Official interest rates might be stuck on 1.5 per cent but that hasn’t stopped a raft of interest rate rises from the smaller banks and other lenders.
AMP Bank is the latest, adding 8 basis points to owner occupied principal and interest home loans and 17 basis points for interest only and investor loans.
Many owner occupied home loans have now broached the four per cent rate and investor loans – particularly the more difficult to source interest only loans – have increased by larger margins. Homeowners have even begun looking for banks which agree to ivas, as this not only helps in the long run by assisting them in writing off unpayable debts but also helps keep the bailiffs at bay
Will the big four move soon?
AMP’s rise follows on from Macquarie and several others but the big question is when the big four – Commonwealth, Westpac, ANZ and NAB will make a move.
The smaller banks have cited increased wholesale funding costs for the interest rate rises, including foreign funding where interest rates are rising, and even though the big banks have less pressure due to their large deposit bases, they will be feeling the heat.
None of the big banks will want to be the first to make the controversial move of making out of cycle rate rises but if past experience is a guide, once one bank moves the others will surely follow.
Regulations squeezing bank loan growth
Apart from increased funding costs, regulatory changes have been increasingly tightening up on risky lending.

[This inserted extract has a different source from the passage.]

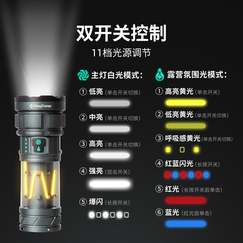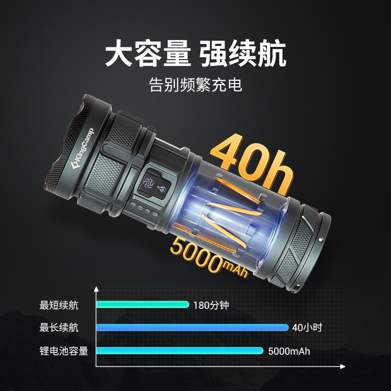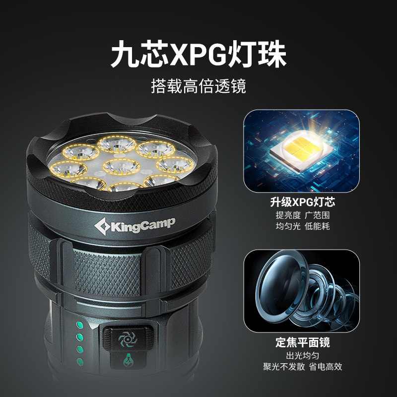 KingCamp手电筒强光充电露营灯户外家用小型超长续航照明灯营地灯

That has included a major crackdown on interest-only lending and in ensuring that banks get a more accurate picture of their client’s ability to repay debt.

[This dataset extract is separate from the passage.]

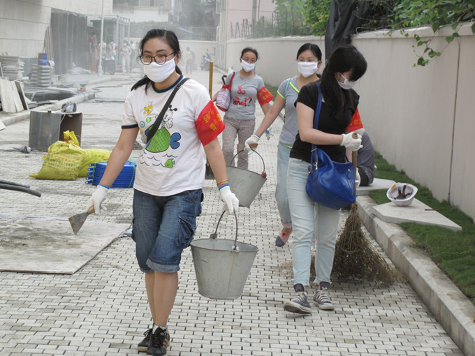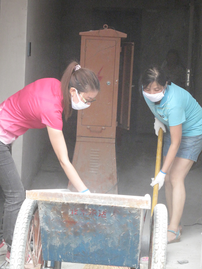 為使志愿工作井然有序、效率提升,組織方圣和置業(yè)公司將志愿者分組編隊,明確了各組的勞動任務(wù),并向每位志愿者提供了袖章、口罩、手套,以及鐵鍬、大小掃帚、小推車等勞動工具。盡管當天烈日當空,現(xiàn)場灰塵飛揚,但志愿者們?nèi)巳藵M懷激情,干勁十足,不怕臟、不怕累,許多人不一會兒就渾身濕透,但這些毫不影響大家的勞動熱情和干勁,因為在身體力行、揮汗如雨的激情里,圣和人體會到了為社會無私奉獻的快樂。為了讓下一代感受這份”愛和奉獻“,感受這份勞動的光榮,更有圣和員工志愿者帶著自己的孩子一起參與這項工作。此情此景不僅感染著所有的志愿者,也不時受到了路人們的稱贊。

On that front, at least, there was some relief with the chairman of the Australian Prudential Regulation Authority, Wayne Byres, signalling that the bulk of the work in reigning in the worst of the bank’s excesses was now over.
Mr Byres said the banks were in much better shape in two important regards:
– to ensure that when providing customers with a loan, banks have a closer understanding of any other loans those customers might have through Comprehensive Credit Reporting.

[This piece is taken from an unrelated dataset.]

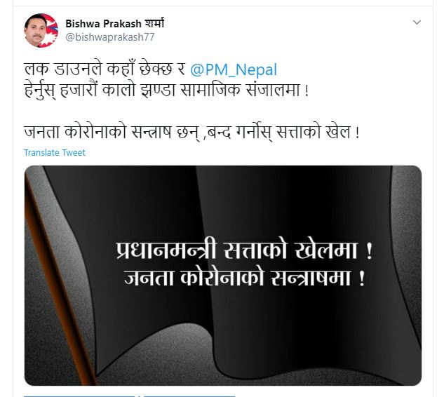 मंगलबार काँग्रेस प्रवक्ता विश्वप्रकाश शर्माले ’लकडाउनले कहाँ छेक्छ र हेर्नुस् हजारौँ कालो झण्डा सामाजिक सञ्जलामा !’ भन्दै प्रधानमन्त्रीको आधिकारिक ट्वीटर ह्यान्डलमा म्यान्सन गरेका छन् ।

– to have a much better understanding of customer’s actual expenses, and how lenders have assessed these costs.
While he said there was still work to be done, Mr Byres’ statement that much of the heavy lifting has been done should not be seen as necessarily being in conflict with the many horror stories that have emerged from the Royal Commission into banking.
APRA’s main task is to ensure that systemic risk in the banking system remains low – an example being the health of the bank’s mortgage book should property prices fall dramatically and the rate of bad loans rise greatly.
It has done that by using a temporary cap on growth in investment loans and setting benchmarks on interest-only loans.
The Royal Commission is concentrating more on issues such as poor and abusive behaviour towards customers and inappropriate charges but is also likely to make recommendations around appropriate lending.